Talks have been underway in the EU for some time in relation to the introduction of a tax on financial transactions. The concept is not new — approximately forty countries apply a similar tax all over the world. In the past year, 29 billion euro was collected by these states through the various financial organisations.

“The European Commission put forth the initial proposal for the introduction of the transaction tax on the level of the EU. The Commission argued that currently banks assume a relatively small tax burden in comparison to other participants in society, and the financial sector would more fairly contribute to public dues by way of the new tax. The single EU tax would furthermore remedy imbalances on the internal market, as presently, Member States tax financial services in significantly varying degrees and this seriously distorts competition” said Dr. Balázs Békés, tax partner of Faludi Wolf Theiss Attorneys at Law.

In addition to the Commission, several Member States support the idea, including Germany, France, Austria, Italy and Spain. The transaction tax could even have beneficial effects for Member States in the long term if the collected tax revenues could replace the payments made by the Member States. Presently the EU does not collect independent revenues, as there is no single EU corporate tax or personal income tax, but Member States contribute to the EU budget with their payments. If financial transactions were taxed, according to some plans the collected revenues would partly or entirely replace the payments made by Member States and ease the burdens of Member States. Others argue that the revenues collected from a possible transaction tax could be allocated to the implementation of Community objectives, such as the slowing down of climate change or development.

There are also many opponents to the proposal. Great Britain, the Czech Republic, the Netherlands and Sweden expressed serious doubts about the transaction tax. The opposition of the British has recently posed an obstacle to the process aiming at the introduction of the single transaction tax.
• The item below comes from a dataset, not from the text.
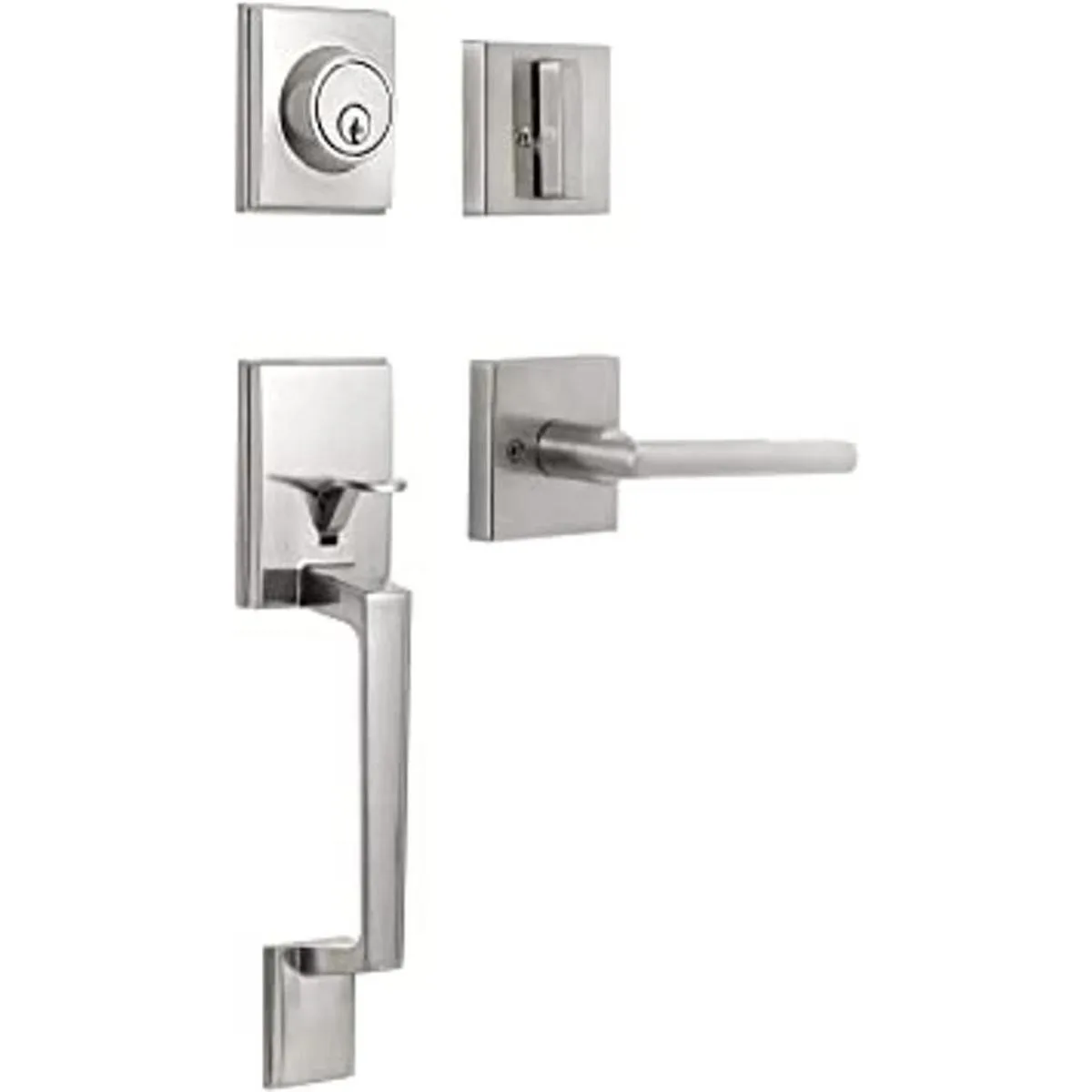 NeuType Juego de manijas de puerta delantera, juego de cerradura de puerta de entrada, níquel satinado, juego de manijas de entrada resistentes con cerradura, con cerrojo de cilindro único y mango de palanca, compatible con puertas diestros y zurdos

The British, who have been taxing financial transactions since 1989, oppose the approval of the proposal because they are concerned that the introduction of the new tax would significantly throttle the British economy; currently 80 percent of European financial transactions are conducted through London.

At the meeting of EU finance ministers held a few days ago, several problematic issues were discussed, but no major breakthrough was achieved. As a continuation of the meeting, the Council is expected to hold a new political debate on the issue on 21 June 2012.

Decision making is particularly difficult in the European Union in relation to tax issues, as such decisions must be unanimously approved by the Member States. Some experts argue that it is possible that upon German and French pressure, Member States who support the idea will introduce the transaction tax in a narrower scope, in the framework of so-called “enhanced cooperation”, possibly as early as the end of this year. “Enhanced cooperation” is enabled by the Lisbon Treaty, but in the framework of this only participating Member States would assume any obligations. Non-participating Member States may decide any time to subsequently assume these commitments.

“Beyond the possible implementation of “enhanced cooperation” in a narrower scope, it is currently very doubtful whether the EU transaction tax will be introduced. The proposal of the Commission must be approved by the Member States with a unanimous vote, and this means that the veto of any of the 27 Member States may prevent final approval. The date of the approval of the single EU tax therefore remains quite uncertain” said Dr. Balázs Békés.